Over 120 experts gather to discuss Deep Decarbonization Pathways Project
The Deep Decarbonization Pathways Project (DDPP) held its third in person meetings in Paris from January 6 to 10. Over 120 participants coming from the academia, policy research institutes and think tanks, the private sector and business organizations, governments and international organizations, attended the meetings. Participants included, among others, Jeffrey Sachs, Laurence Tubiana, Fatih Birol (Chief economist of the International Energy Agency (IEA)), Jean François Gagné (Head of Energy Technology Policy division of the IEA), and Philippe Joubert (Senior Advisor to the World Business Council on Sustainable Development (WBCSD)).

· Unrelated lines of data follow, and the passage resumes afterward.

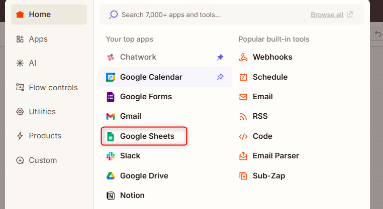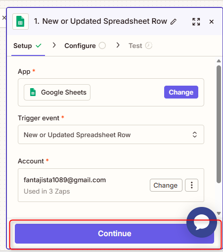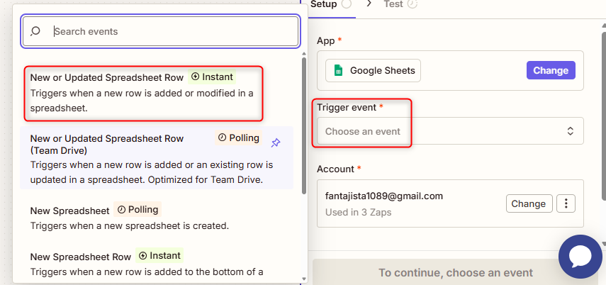 3.「Trigger Event」ドロップダウン → New or Updated Spreadsheet Row を選択
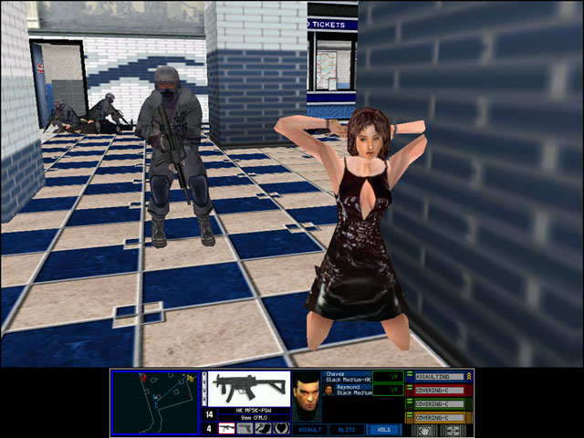 Fig. 7. You need to determine your enemyIn Rainbow Six, a player could get shot four or five times and run as if they had never been touched in the first place. Now (much how a wounded player runs more slowly) being shot yields a more realistic effect. I should take this time to mention that there have been reports of Urban Operations being less stable for some players than Rogue Spear. I, however, have never seen an issue with Urban Operations. The Redstorm developers have also examined these claims (including one of a mysterious memory leak), but all claims have turned up empty. From my experiences, Urban Operations is as stable, if not more so, than Rogue Spear.
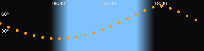 | Höchster Stand (Kulmination) | 18:51 Uhr (h = 79,3°) |
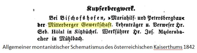 Die Entstehungsgeschichte des Kupferbergwerkes in Mühlbach am Hochkönig Herzogtum Salzburg 1827, lasse ich weg und beginne mit dem Vollbetrieb.
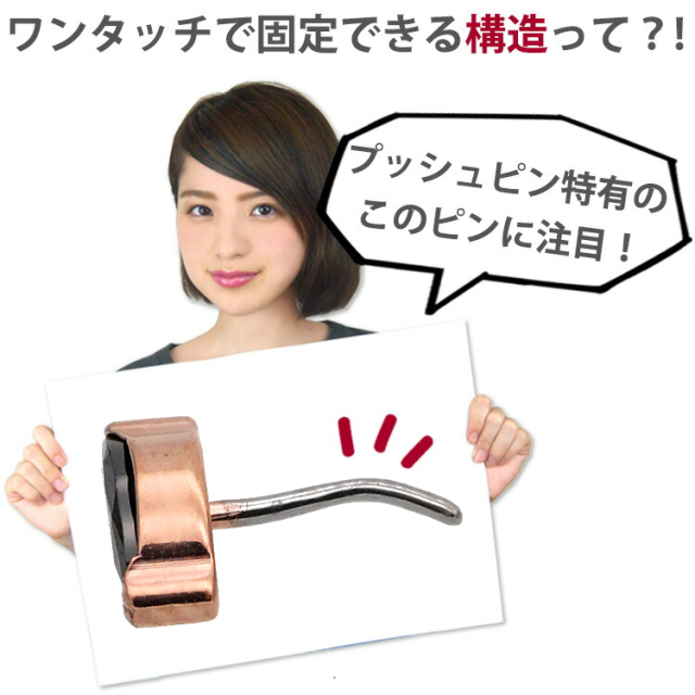 ・「小さなネジを回すのが苦手」「ネジが緩んで外れないか不安」そんな悩みを解消するプッシュピン(押し込み式)タイプ。ピンを差し込む際の摩擦で固定されるため、装着が驚くほど簡単です。
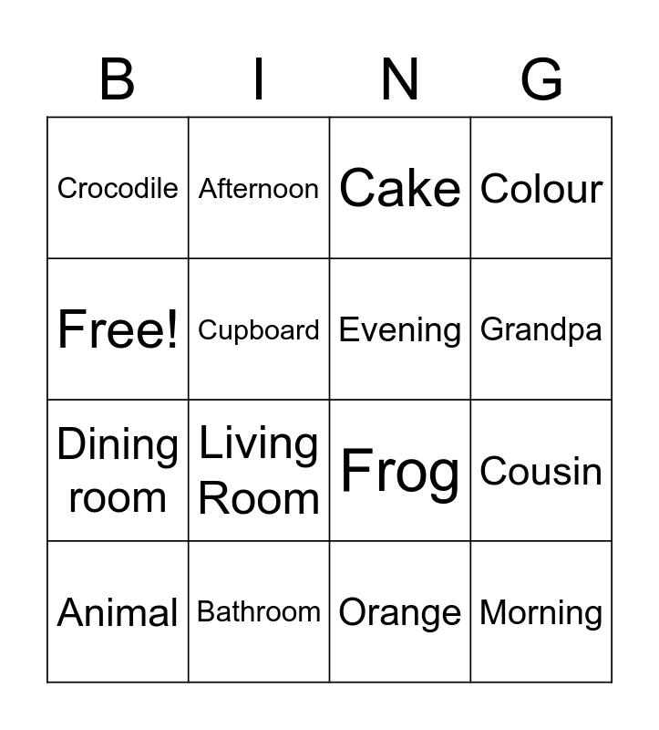 This bingo card has 17 words: Animal, Bathroom, Cake, Colour, Dining room, Cupboard, Frog, Grandpa, Free!, Living Room, Orange, Cousin, Crocodile, Afternoon, Evening, Morning and Purple.

The technology roundtables, organized in association with the WBCSD and its members, and with inputs from a wide range of experts from the ETP team of the IEA, gathered the world leading experts of Carbon Capture and Storage (CCS), nuclear power, solar energy, wind energy, transportation and energy storage. They discussed: the opportunity to launch new sectoral initiatives, bridging the gap between international technology roadmaps and their current investment and deployment trends; and the assumptions on potential, costs, learning curves, and impacts to be used in the new national deep decarbonization pathways developed in the context of the DDPP.
The modeling workshop, organized in partnership with the World Energy Outlook (WEO) team of the IEA, gathered modelers, energy technology and policy experts from 11 of the 13 countries or regions covered by the DDPP (Australia, Brazil, Canada, China, Europe, Indonesia, Japan, Russia, South Africa, South Korea, and the United States). Participants discussed: how to define national deep decarbonization pathways consistent with the 2°C target; and how to build such scenarios with a sufficient level of sectoral disaggregation, technological details, and policy relevance, to make them a solid basis for more ambitious efforts on climate change, both domestically and globally.
The results of the DDPP will feed into a report to the United Nations (UN) Secretary General, published in July 2014, in preparation for the September 23 World Leaders Climate Summit; and into another report to the French Presidency of the COP21 of the United Nations Framework Convention on Climate Change (UNFCCC), to support a positive outcome of the international climate negotiations by December 2015.